THE TRIAL COURT ERRONEOUSLY OVERRULED THE PLAINTIFF'S MOTION FOR SUMMARY JUDGMENT AND GRANTED SUMMARY JUDGMENT TO THE DEFENDANT.

McCleskey makes two arguments under this assignment of error. First, he argues that he is entitled to be considered for parole after serving fifteen years under the former version of R.C. 2929.41(E). In the alternative, he argues that he should be eligible for parole after serving ten years of his sentence under the former version of R.C.2967.13(F). We will address both of these arguments in turn.

Initially, we note that our review of the trial court's decision to grant summary judgment is de novo. See Helton v. Scioto Cty.
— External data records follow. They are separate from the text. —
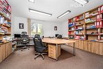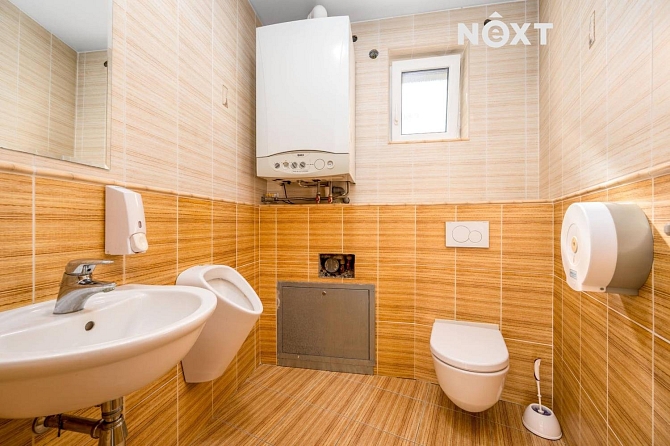V přízemí se dále nacházejí dva samostatné pokoje, ideální jako obývací pokoj nebo domácí kanceláře. V koupelně v přízemí je umístěno dvoj umyvadlo s dřevěnou skříňkou, vana a sprchový kout. Toaleta je samostatná a vybavena pisoárem.
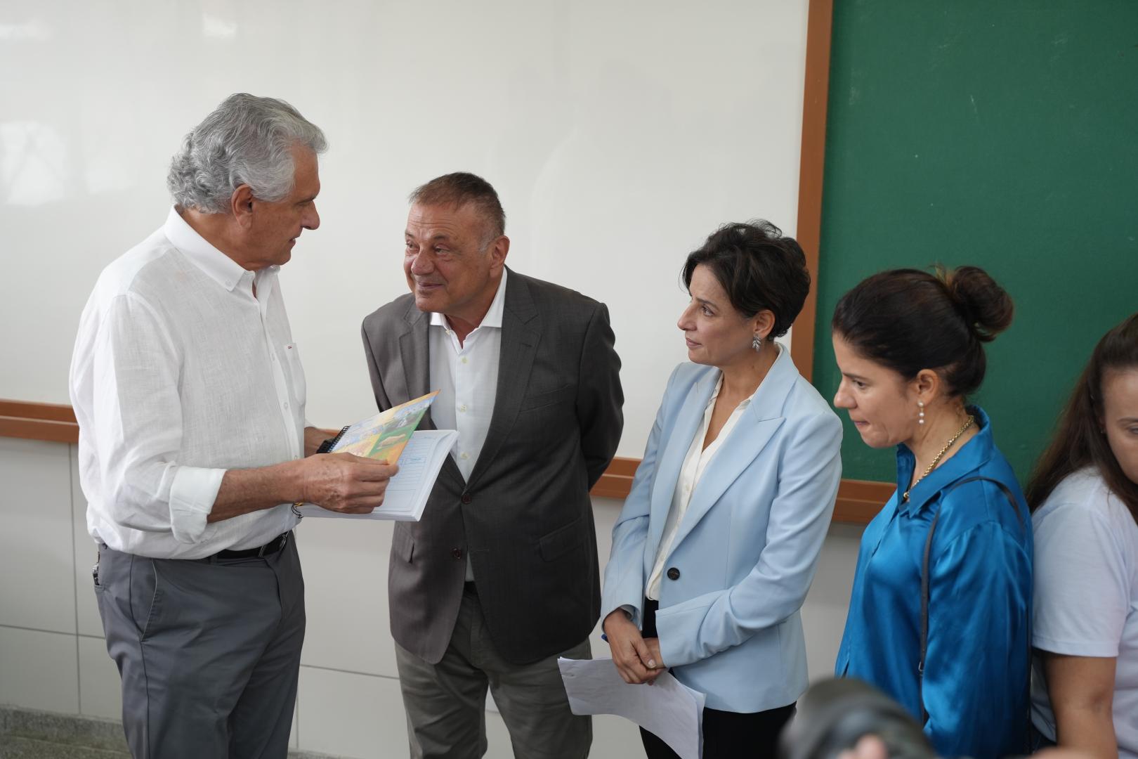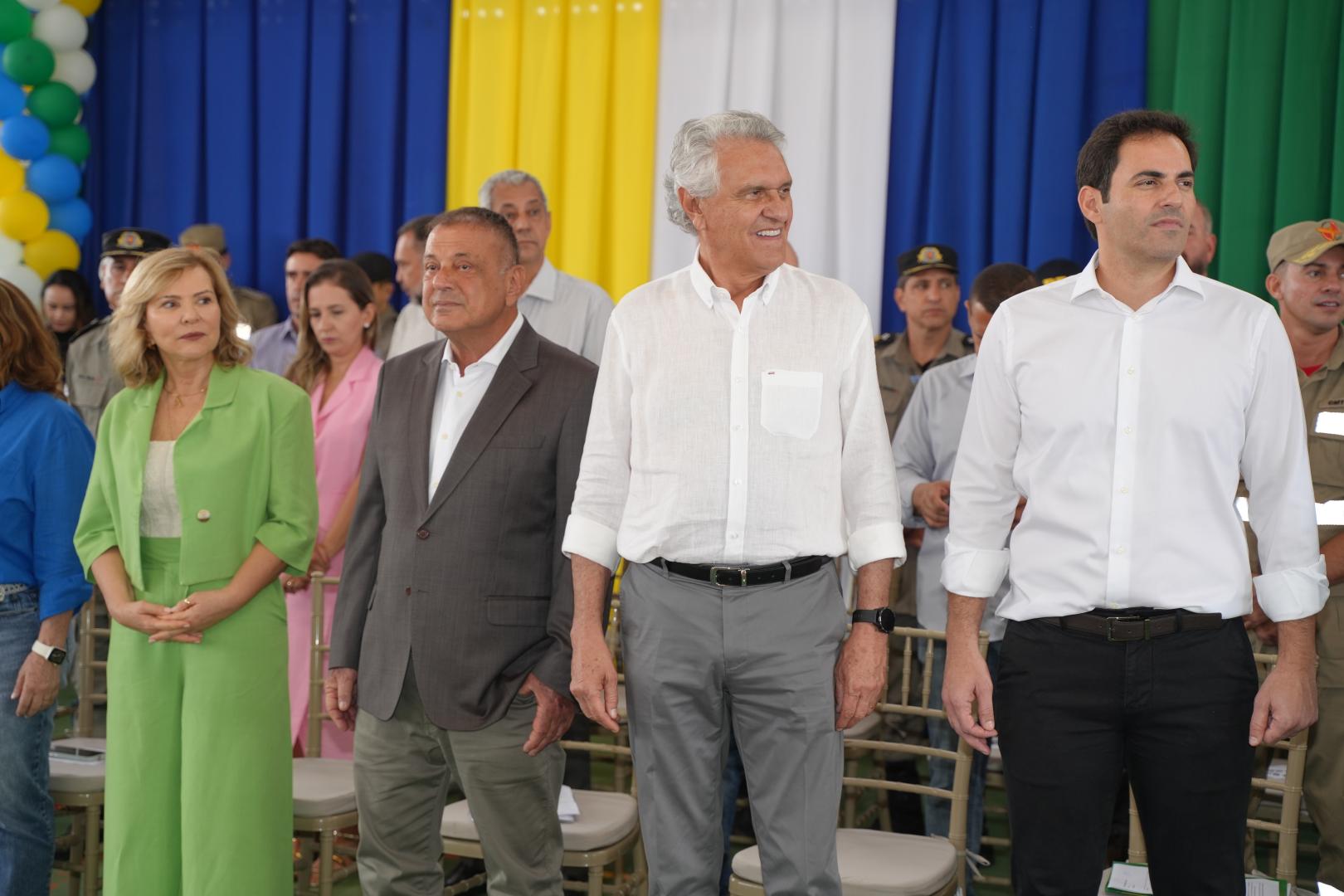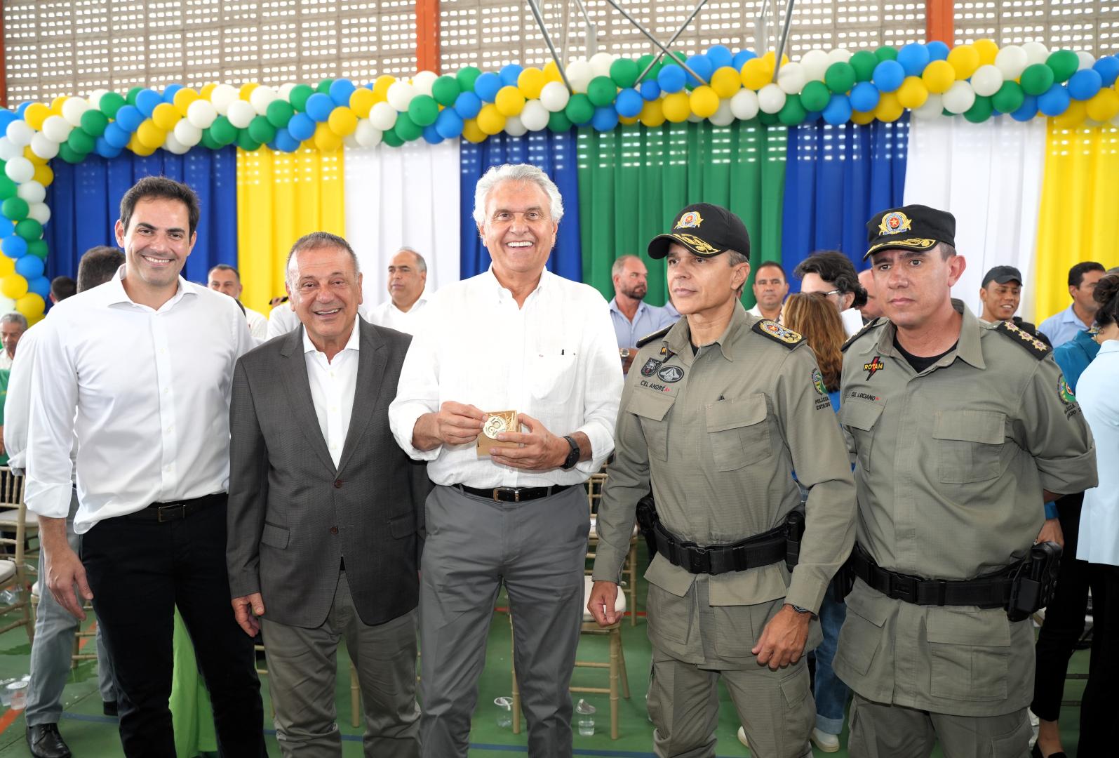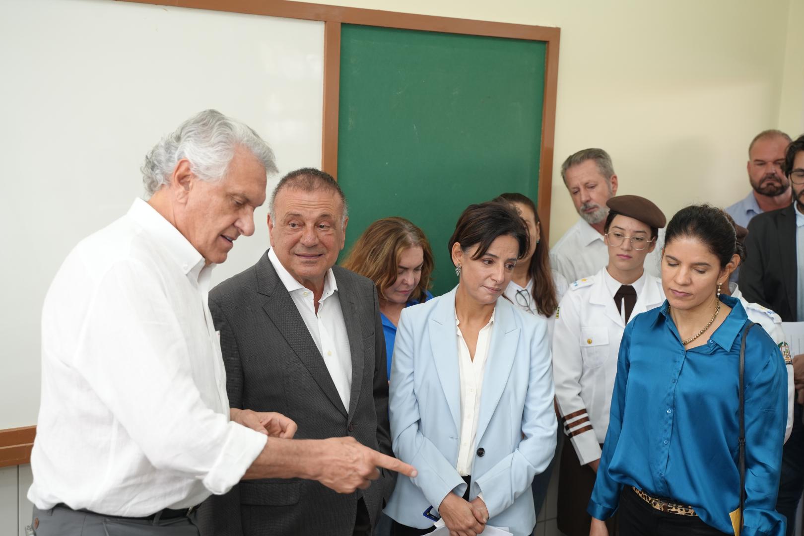 Às 9 da manhã, Caiado e Adib inauguraram o Colégio Estadual da Polícia Militar de Goiás (CEPMG) Iris Rezende Machado. A cerimônia foi realizada com participação da secretária Estadual de Educação, Fátima Gavioli, estudantes, professores, pais e autoridades políticas. As filhas de Iris Rezende, Ana Paula Rezende e Adriana Rezende também estiveram presentes representando a família do homenageado. Ana Paula e Adriana ficaram emocionadas com as homenagens ao ex-governador de Goiás.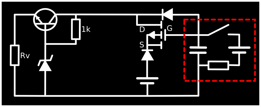 The part on the left (consisting of the bipolar transistor, the base resistance, the TVS diode and the consumer resistance) is a simple voltage regulator circuit as it can be found on wikipedia. The TVS diode of the circuit limits the voltage of the consumer to a fixed value. So if you choose a TVS diode with a breakthrough voltage of 12 Volt, the consumer will get a maximum voltage of 12 Volt. The bipolar transistor regulates the current flow in a way that it will be constant for the consumer.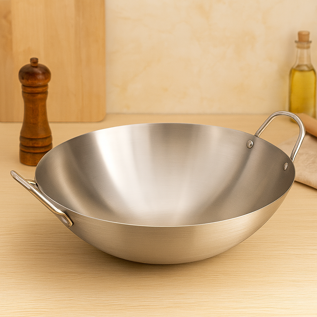 Dieser Edelstahlwok bietet Funktionalität und Langlebigkeit für professionelle sowie häusliche Küchen. Mit tiefem Design und stabilen Doppelgriffen gewährleistet er sicheren Halt und vielseitige Kochergebnisse für unterschiedliche Gerichte.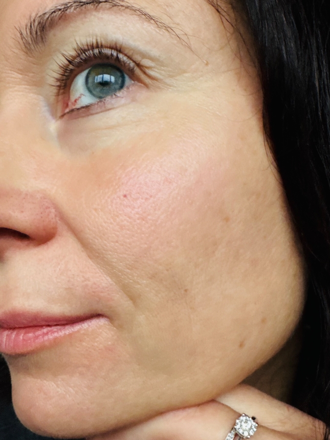 И этим пунктом крем также хорошо справляется — тональное средство очень хорошо распределяется по коже, на которую нанесён этот увлажняющий крем, он ложится, не подчёркивая шелушения, потому что с ними уже справился крем.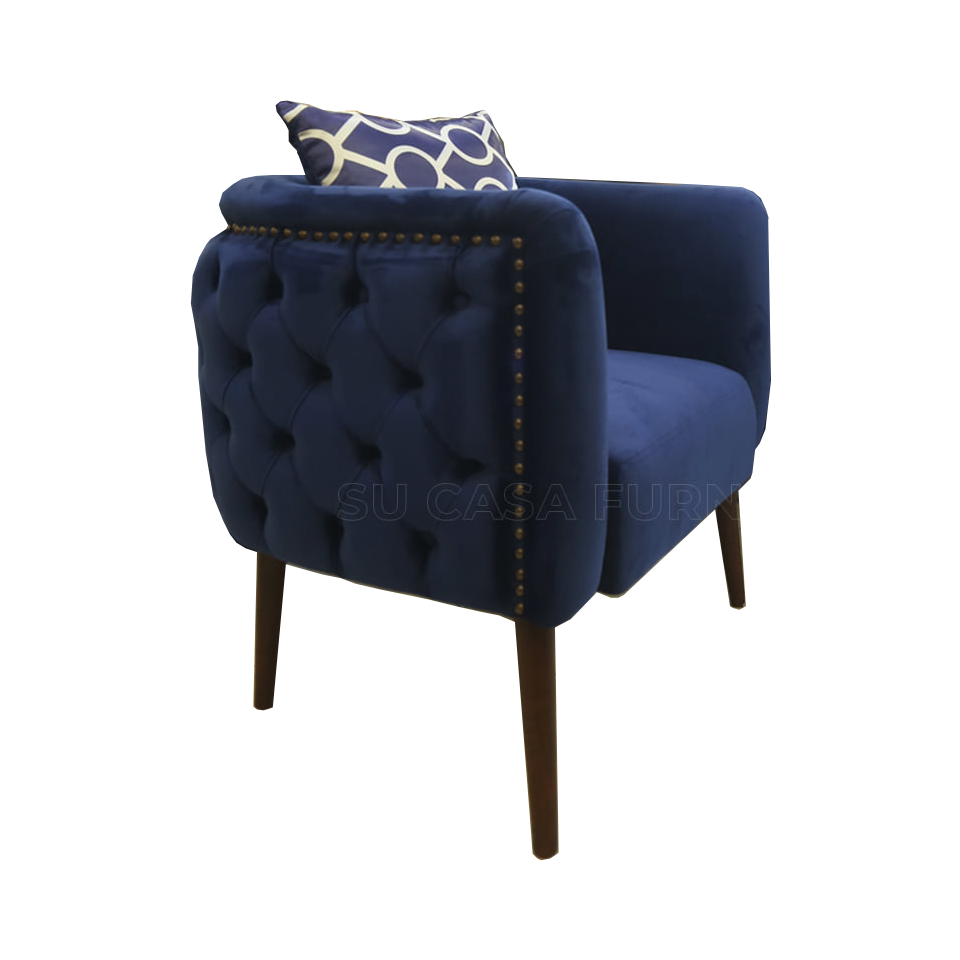 This plush navy blue velvet armchair boasts a deep button-tufted back and rounded edges for a classic yet modern look. Finished with slender wooden legs, it’s perfect for living spaces seeking contrast and charm.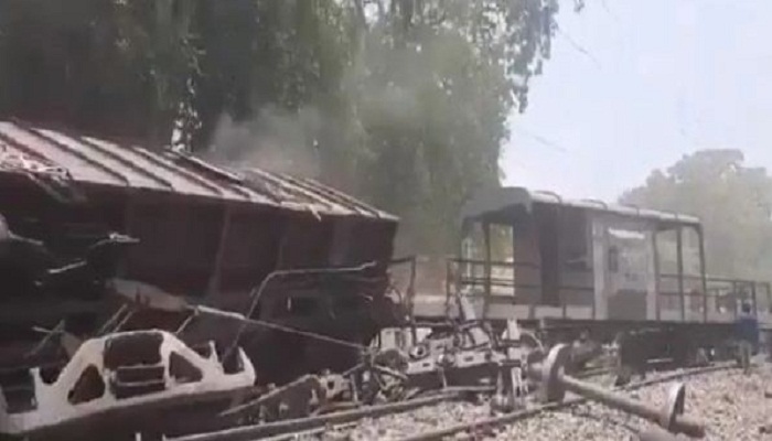 मालगाड़ी का आखिरी वैगन घिसटता हुआ रेलवे स्टेशन तक पहुंचा
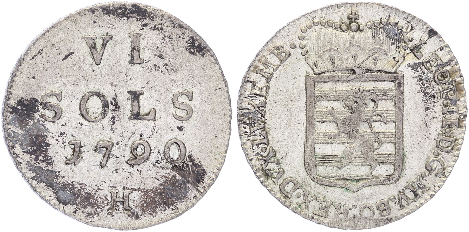 Luxemburg VI Sols 1790 Günzburg. Vanhoudt 880. Zeer fraai.
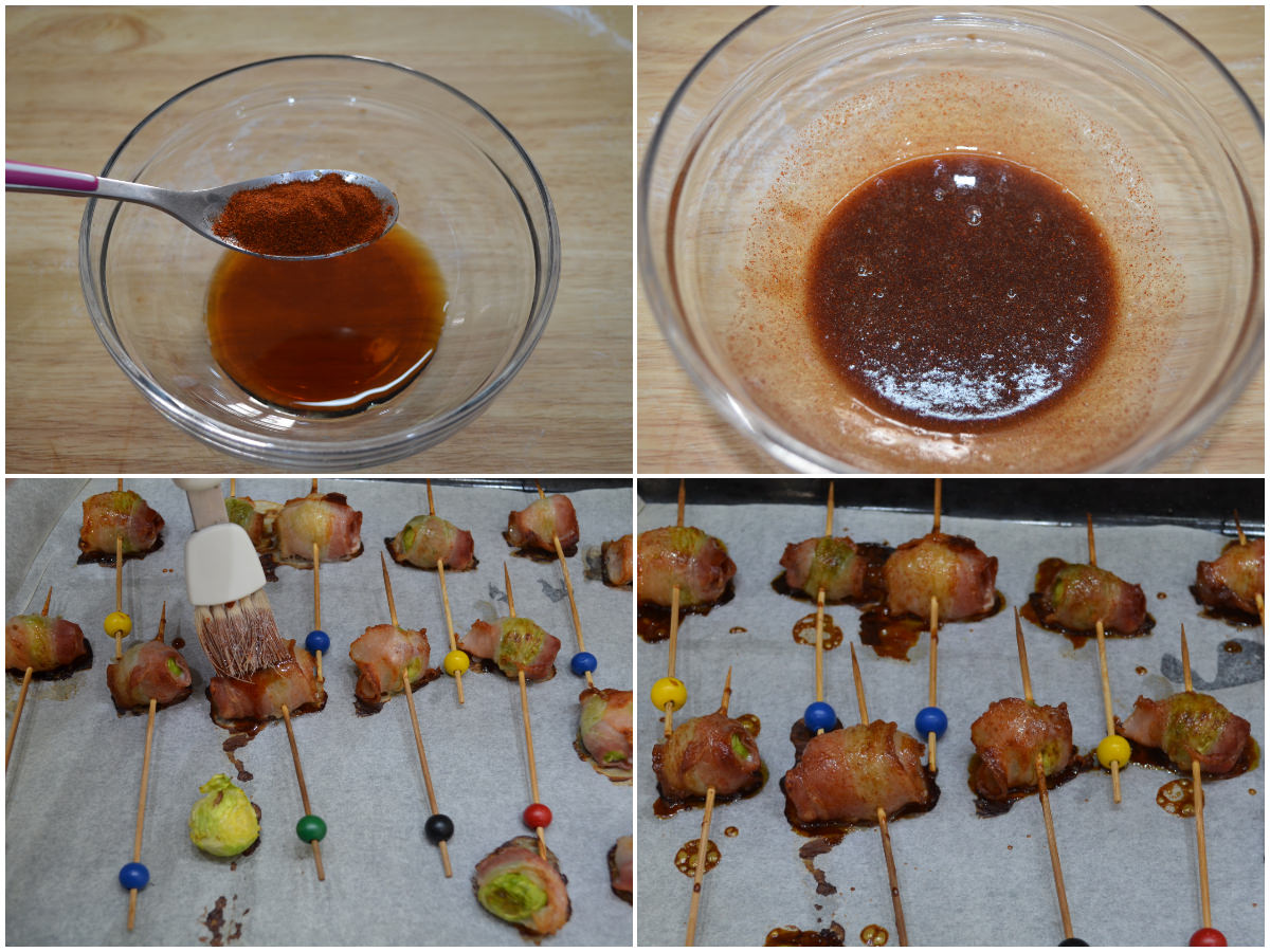 I cavolini di Bruxelles al bacon sono un contorno di verdure sfizioso e saporito che potete servire anche come antipasto e che sono certa potrà stupire anche chi non ama questa verdura spesso snobbata o dimenticata. Personalmente ho apprezzato molto questo accostamento e soprattutto l'originalità degli spiedini e il contrasto tra la croccantezza del bacon e la morbidezza dei cavolini di Bruxelles all'interno, per non parlare del tocco in più dato dallo sciroppo d'acero e dalla paprika che rendono il tutto ancora più speciale. Insomma, vi lascio alla ricetta, ma se piace anche a voi non mancate di farmelo sapere nei commenti ;)

Bd. ofCommrs. (1997), 123 Ohio App. 3d 158, 162, 703 N.E.2d 841. Civ.R. 56(C) provides that summary judgment may be granted when the moving party demonstrates that (1) there is no genuine issue of material fact; (2) the moving party is entitled to judgment as a matter of law; and (3) viewing the evidence most strongly in favor of the nonmoving party, reasonable minds can come to but one conclusion and that conclusion is adverse to the party against whom the motion for summary judgment is made. SeeState ex rel. Grady v. State Emp. Relations Bd. (1997), 78 Ohio St. 3d 181,183, 1997-Ohio-221, 677 N.E.2d 343; Harless v. Willis Day WarehousingCo. (1978), 54 Ohio St. 2d 64, 65-66, 375 N.E.2d 46.

The applicable version of R.C. 2929.41(E) provided: "Consecutive terms of imprisonment imposed shall not exceed: * * * An aggregate minimum of fifteen years * * * when the consecutive terms imposed are for felonies other than aggravated murder or murder." McCleskey argues that this section requires that he become eligible for parole after having served fifteen years of his sentence.

Several courts have considered this argument. In State v. Gregory (1982), 8 Ohio App. 3d 184, 185, 456 N.E.2d 839, the defendant was convicted of two counts of forcible rape of a person under thirteen and sentenced to two consecutive life terms. On appeal, he argued that he was entitled to an aggregate minimum of fifteen years under R.C.2929.41(E). See id. In rejecting this argument, the First District Court of Appeals held that the specific provision in R.C. 2907.02(B), which provided for the imposition of a life sentence for forcible rape of a child under thirteen, prevailed over the general provision of R.C.2929.41(E). See id., citing R.C. 1.51. The court further noted that there was no minimum term for forcible rape of a person under thirteen because the sentence was a full life term and that "the legislative intent is manifest in the language of R.C. 2907.02(B): a person who forcibly rapes a child under thirteen years must serve a life term in prison without any minimum term." Id. at 185-86.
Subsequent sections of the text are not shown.